Leading with M.O.R.E.: Lessons Shared by the PMI Nashville Community
Wisdom from the PMI Nashville Community
Today’s project leaders are being asked to do far more than simply deliver projects on time and within budget. As PMI’s M.O.R.E. framework continues to reshape the profession, organizations are increasingly looking for project professionals who can think strategically, drive meaningful outcomes, and connect execution to long-term business value. Success is no longer measured solely by schedules, scope, and cost — it is measured by the value created for customers, teams, organizations, and communities.
That shift requires project leaders to move beyond task management and become trusted advisors who can influence strategy, build trust across stakeholders, navigate organizational complexity, and help define what success should actually look like.

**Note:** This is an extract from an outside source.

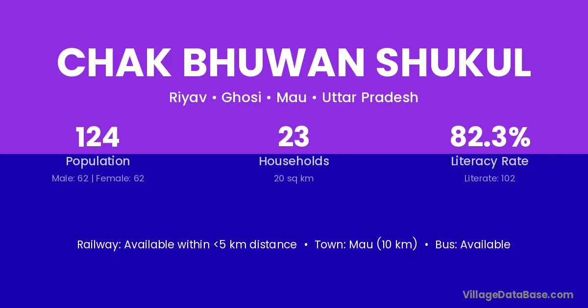 Chak Bhuwan Shukul village has a total population of 124 people, of which 62 are males and 62 are females.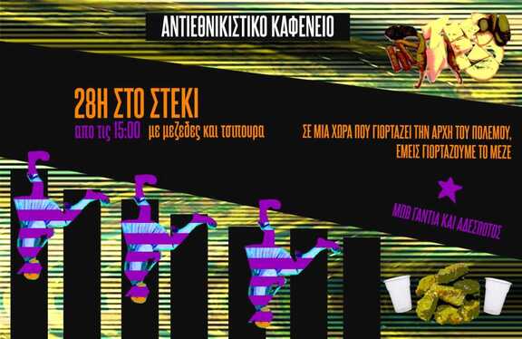 Την Δευτέρα 28 Οκτωβρίου σας περιμένουμε στο στέκι για να περάσουμε μαζί την ημέρα αυτή με τον τρόπο που πρέπει: αντιεθνικιστικά και συλλογικά!

During a recent PMI Nashville Roundtable discussion centered on leadership and PMI’s M.O.R.E. vision, our community shared thoughtful perspectives on what this evolution looks like in practice. The conversation surfaced real-world insights from experienced professionals who are actively redefining project leadership through empathy, influence, adaptability, and a stronger focus on outcomes over outputs.
Sometimes Leadership Doesn’t Define Success — So Project Leaders Must
One of the strongest insights shared was the reality that leadership teams are not always prepared to define measurable success upfront.

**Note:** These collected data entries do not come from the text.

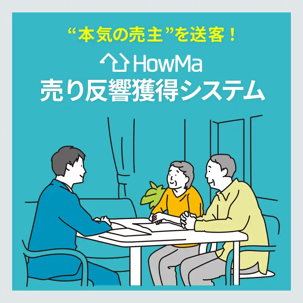 「売却検討者向けAI査定」を提供しているHowMaの登録会員を、不動産会社様に送客するシステムです。 「価格が知りたいだけ」という、売却から遠い客はHowMaのAI査定で出る価格で満足してストップします。不動産会社様へお届けするのは、本当に売りたいという高品質な反響だけです。 |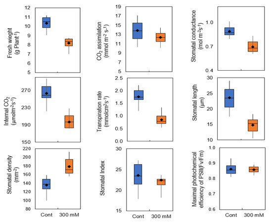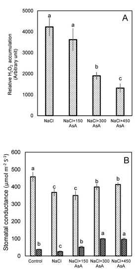 2.6. H2O2 Accumulation in Guard in Response to Salt Stress and Ascorbic Acid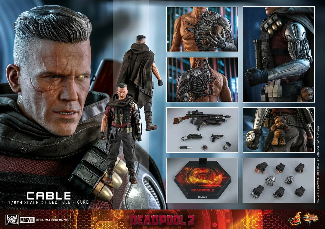 The highly-accurate figure is specially crafted based on the appearance of Josh Brolin as Cable in Deadpool 2, and features a newly developed head sculpt with battle scars and LED light-up function on his left eye; accurate silver-grey colored hair sculpture; a completely newly designed body and a highly-detailed bionic arm, carefully painted in multiple shades of metallic colors. The costume is a skillfully tailored military outfit with a heavy weathering effect. A number of matching interchangeable gloved hands and mechanical hands are included as well as an array of extensive weapons and accessories including Cable’s signature heavy machine gun, a grenade launcher, a pistol, a dagger, a bomb, a time-traveling device, multiple numbers of removable bullets and firearm magazines, an iconic teddy bear doll with significant burnt marks; and a collectible figure base.

In many organizations, project managers may actually be the people best positioned to do it.
Because PMs work across departments, engage directly with stakeholders, and often have access to both operational data and organizational pain points, they frequently have a clearer understanding of what meaningful outcomes should look like.
Rather than waiting passively for executives to establish success metrics, many project leaders are learning to proactively recommend them — bringing leadership informed options rooted in data, stakeholder needs, and business impact.
This represents a major mindset shift: moving from managing deliverables to shaping organizational direction.
Success Is More Human Than We Sometimes Admit
Another recurring theme centered around expanding how we define success.
Traditional metrics still matter, but PMI Nashville members emphasized that successful projects are also deeply connected to human experience. Trust, confidence, engagement, and even joy surfaced as meaningful indicators of success when working with clients and teams.
The ability to truly listen — to understand what motivates stakeholders, what creates anxiety, and what builds enthusiasm — is increasingly becoming a defining leadership skill.
Project professionals who respond with empathy and adaptability are often the ones who build the strongest long-term partnerships.
Strategic Leaders Make Invisible Work Visible
Many project professionals quietly absorb complexity behind the scenes: managing conflict, navigating ambiguity, coordinating dependencies, and keeping momentum alive despite obstacles.
But one insight resonated strongly throughout the discussion: leaders must learn to appropriately communicate the effort behind the outcome and be transparent about the process (with its highs and lows) along the way.
Not to overexplain. Not to create unnecessary noise. But to ensure leadership understands the strategic thinking, collaboration, and problem-solving required to achieve successful delivery.
When project leaders advocate for their teams and provide visibility into the complexity being managed, they elevate both the team’s credibility and the perceived value of project management itself.
Resistance Is Often a Relationship Problem, Not a Process Problem
Another important takeaway focused on managing resistance through empathy rather than authority.
Stakeholders are far more likely to support change when they feel included in shaping solutions. Something as simple as asking for input early, validating concerns, or incorporating feedback can dramatically shift engagement levels.
Several PMI Nashville leaders described this as getting a stakeholder’s “thumbprint” on the solution — creating real shared ownership rather than forced compliance.
The message was clear: influence grows when people feel respected, heard, and valued.
The Future of Project Leadership
Across industries, the role of the project manager is evolving.
Technical execution remains essential, but the project professionals creating the greatest impact are also becoming facilitators of alignment, translators of value, builders of trust, and strategic thought partners.
The conversations within the PMI Nashville community continue to reinforce an important truth: project leadership is no longer just about managing work. It’s about helping organizations move forward with clarity, collaboration, and purpose.